_Raw data_

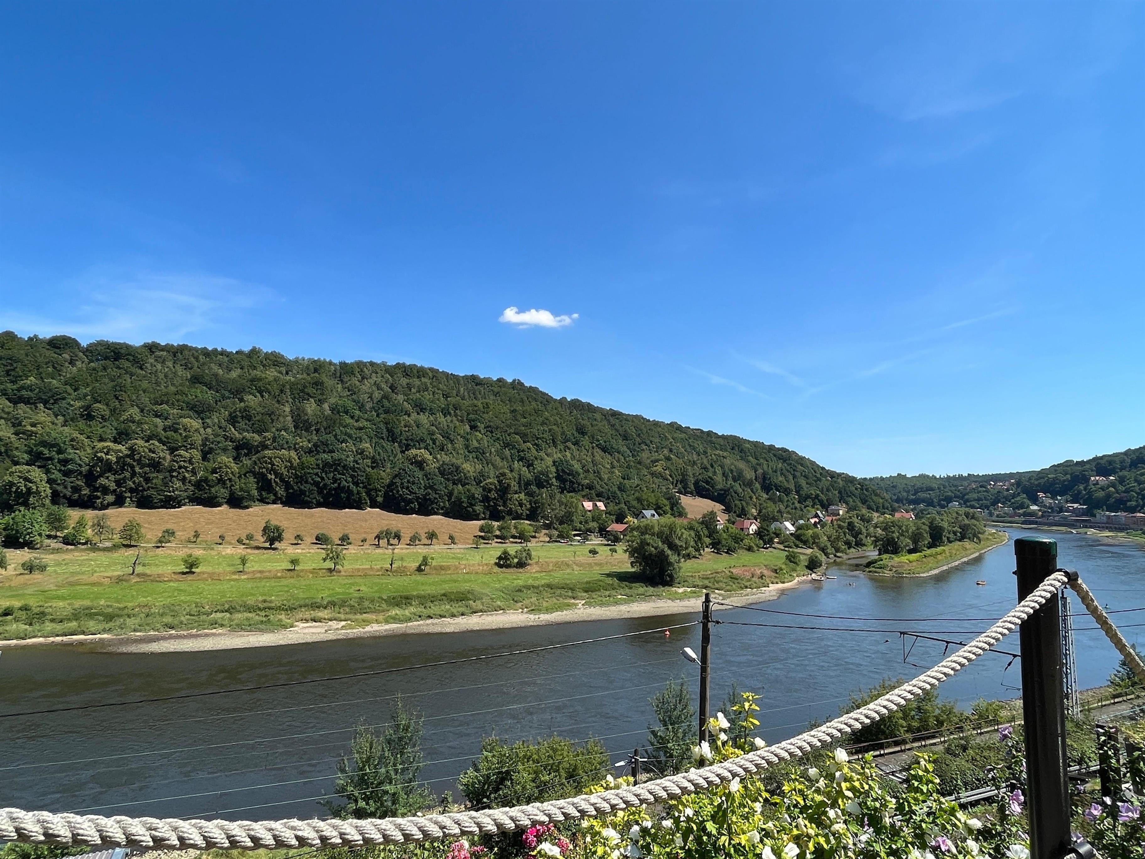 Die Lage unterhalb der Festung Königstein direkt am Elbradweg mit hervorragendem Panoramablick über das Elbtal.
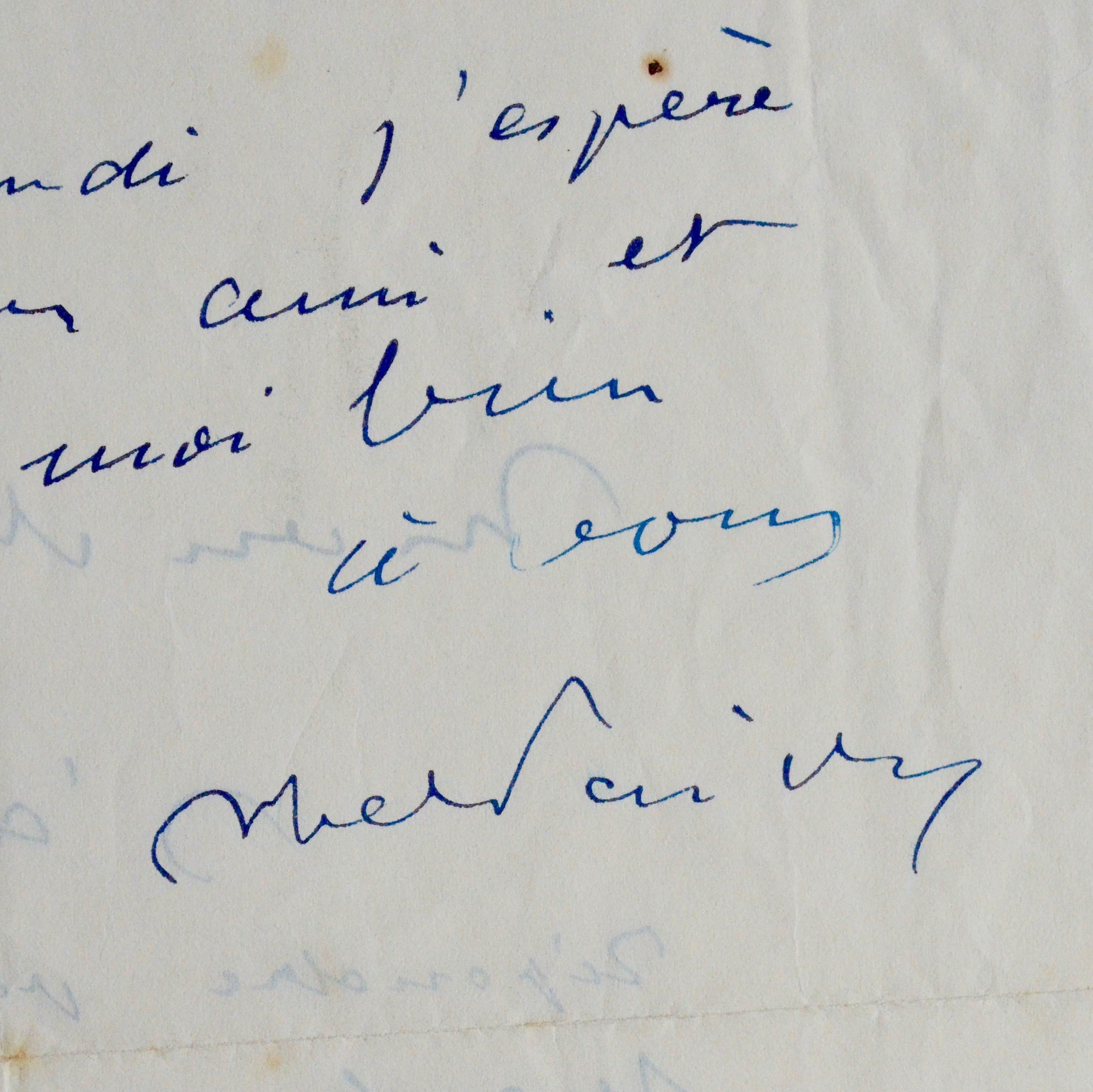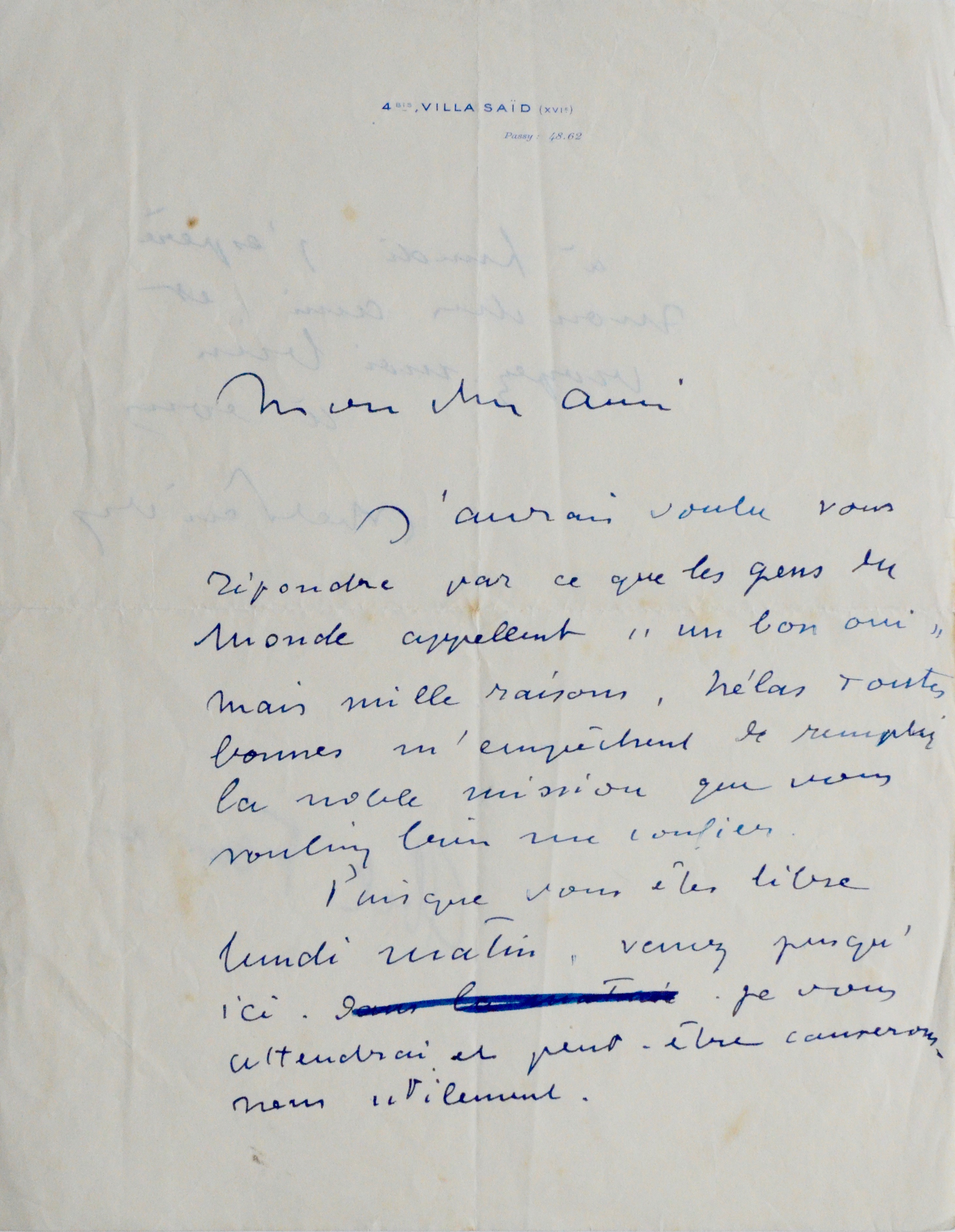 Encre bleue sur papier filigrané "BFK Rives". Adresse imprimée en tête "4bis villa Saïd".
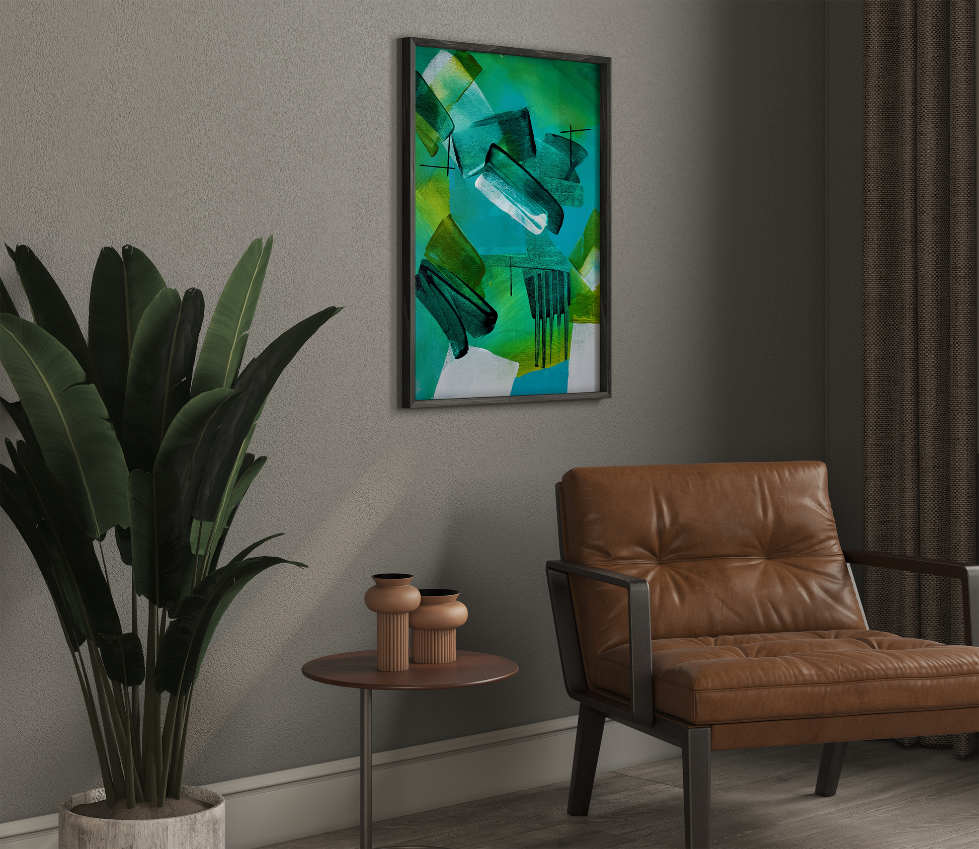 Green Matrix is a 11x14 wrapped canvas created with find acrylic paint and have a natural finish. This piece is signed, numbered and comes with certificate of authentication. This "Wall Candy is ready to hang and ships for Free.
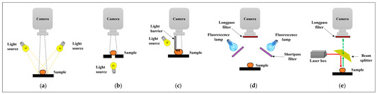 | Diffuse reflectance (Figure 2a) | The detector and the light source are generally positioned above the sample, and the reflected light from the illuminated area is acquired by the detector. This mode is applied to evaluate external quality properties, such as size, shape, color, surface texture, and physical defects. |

_Problem requirements_
The data above needs to be retyped exactly, with the images left out.

_Final answer_
 Die Lage unterhalb der Festung Königstein direkt am Elbradweg mit hervorragendem Panoramablick über das Elbtal.
 Encre bleue sur papier filigrané "BFK Rives". Adresse imprimée en tête "4bis villa Saïd".
 Green Matrix is a 11x14 wrapped canvas created with find acrylic paint and have a natural finish. This piece is signed, numbered and comes with certificate of authentication. This "Wall Candy is ready to hang and ships for Free.
 | Diffuse reflectance (Figure 2a) | The detector and the light source are generally positioned above the sample, and the reflected light from the illuminated area is acquired by the detector. This mode is applied to evaluate external quality properties, such as size, shape, color, surface texture, and physical defects. |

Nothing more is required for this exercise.